Exchange-traded funds, or ETFs, can be a good way to diversify your portfolio and can be cost-effective.

“ETFs are generally less costly and easier to access for investors,” said Ben Johnson, Morningstar’s director of global exchange-traded fund research. “They offer investors access to a whole host of investment strategies, from total market indexes to actively managed portfolios of stocks linked to the metaverse, with low fees, superior tax efficiency, and often much smaller investment minimums—typically as low as the price of a single share.”

Here’s what industry experts have to say about how to make ETFs sound investment values.

Try to consider limit orders

Johnson notes it’s important to know and respect what the “ET” in ETF stands for. “ETFs trade like stocks, and investors should practice good hygiene when it comes to trading them to avoid running up a big trading cost bill,” he said.

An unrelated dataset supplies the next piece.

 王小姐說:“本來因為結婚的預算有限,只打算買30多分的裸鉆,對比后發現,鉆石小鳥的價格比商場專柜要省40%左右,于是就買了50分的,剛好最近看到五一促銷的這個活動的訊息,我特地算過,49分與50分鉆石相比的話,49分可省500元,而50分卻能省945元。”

Specifically, Johnson explained that investors should consider using limit orders when buying and selling ETFs.

“This will help to ensure that they get the price they ask for (if not better) and prevent them from transacting at a price they might not like,” he said.

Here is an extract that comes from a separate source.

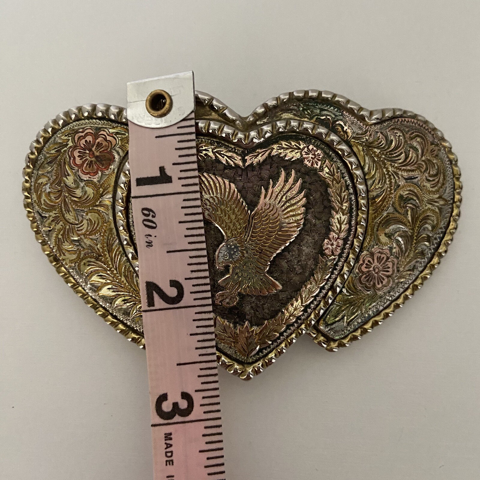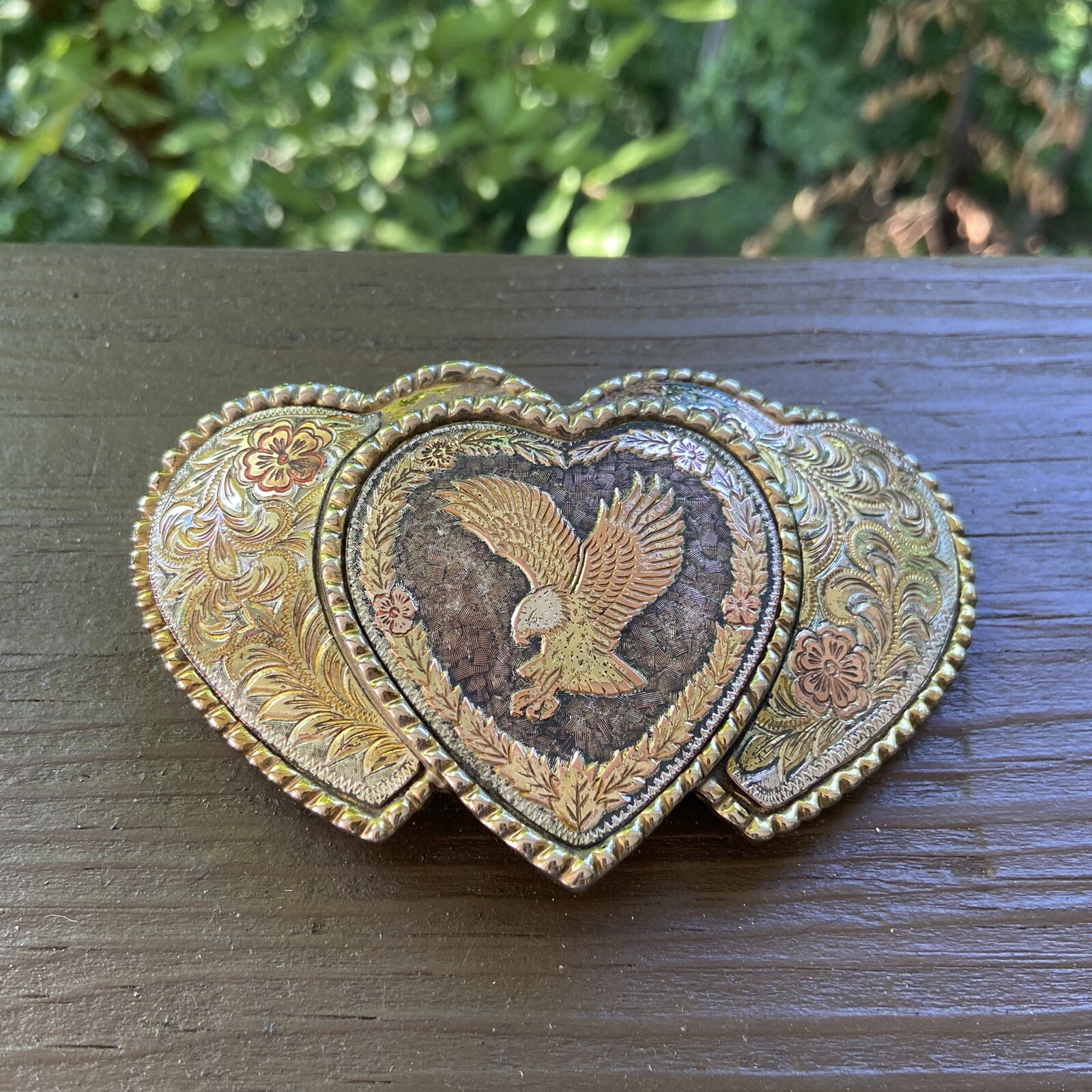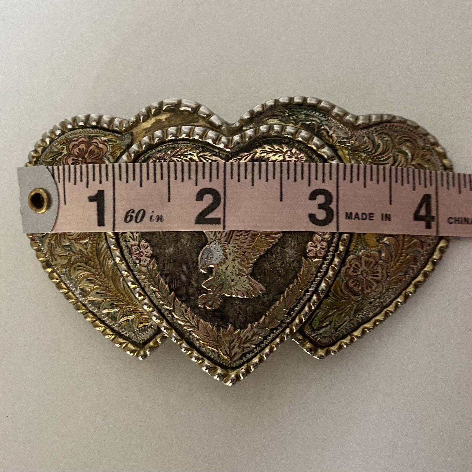 W USA Rare Triple Heart Eagle Belt Buckle Heavy Metals Western Statement Piece

Benefit from tax efficiencies

ETFs are fully transparent, said Tom Lydon, vice chairman with VettaFi.

“They frequently update their holdings, so investors know exactly what they are getting themselves into,” he said.


Also, Lydon explained that ETFs are more tax efficient than traditional open-end funds. Due to structural differences, said Lydon, ETFs do not incur a capital gains tax like how mutual funds would, but still come with a capital gains tax upon the sale of the ETF by an investor.

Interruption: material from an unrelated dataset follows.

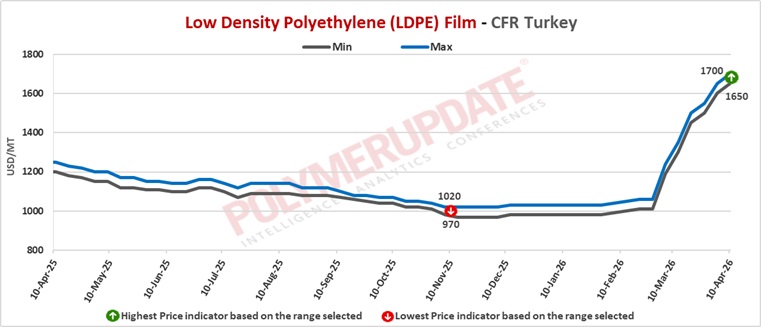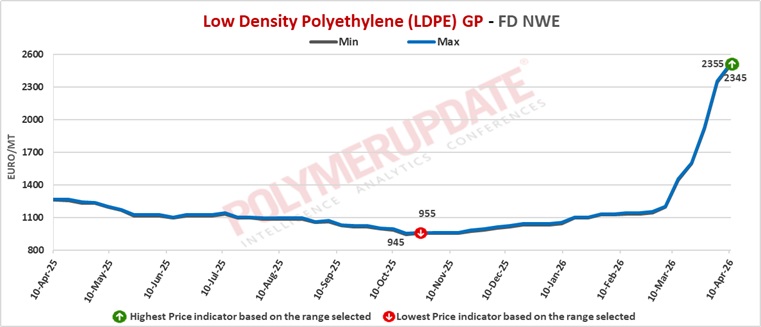A European industry source told a Polymerupdate team member, “European LLDPE prices have risen, supported by higher feedstock and energy costs, alongside firm contract settlements for April. These factors have increased production expenses, allowing producers to maintain elevated offers. Supply has remained tight due to limited imports, trade disruptions, and the impact of shutdowns and force majeure, which have restricted spot availability. Buying interest has been steady, helping to sustain the upward trend. While US–Iran ceasefire talks have provided some short-term stability, supply chains from West Asia continue to face disruptions, preventing any meaningful improvement in availability.”

ETFs build on the ease of mutual funds

According to Lydon, ETFs may be seen as an improved version of their mutual fund cousins, providing the benefits of mutual funds and then some.

“Some of the key selling points of ETFs beyond traditional open-end funds may include things like lower expense ratios, flexible intraday trading, transparent nature and improved tax efficiency for taxable accounts,” Lydon said.


Finally, unlike mutual funds that are bought and sold once per day after the market closes, ETFs trade all day long.

“If you are familiar with trading individual company stocks on a brokerage platform, then picking up an ETF should be a similar experience,” continued Lydon.

Furthermore, he said more knowledgeable investors may also utilize various trade orders for executing ETF trades, including limit orders and stop-limit orders, along with short selling, to better manage their investment experience.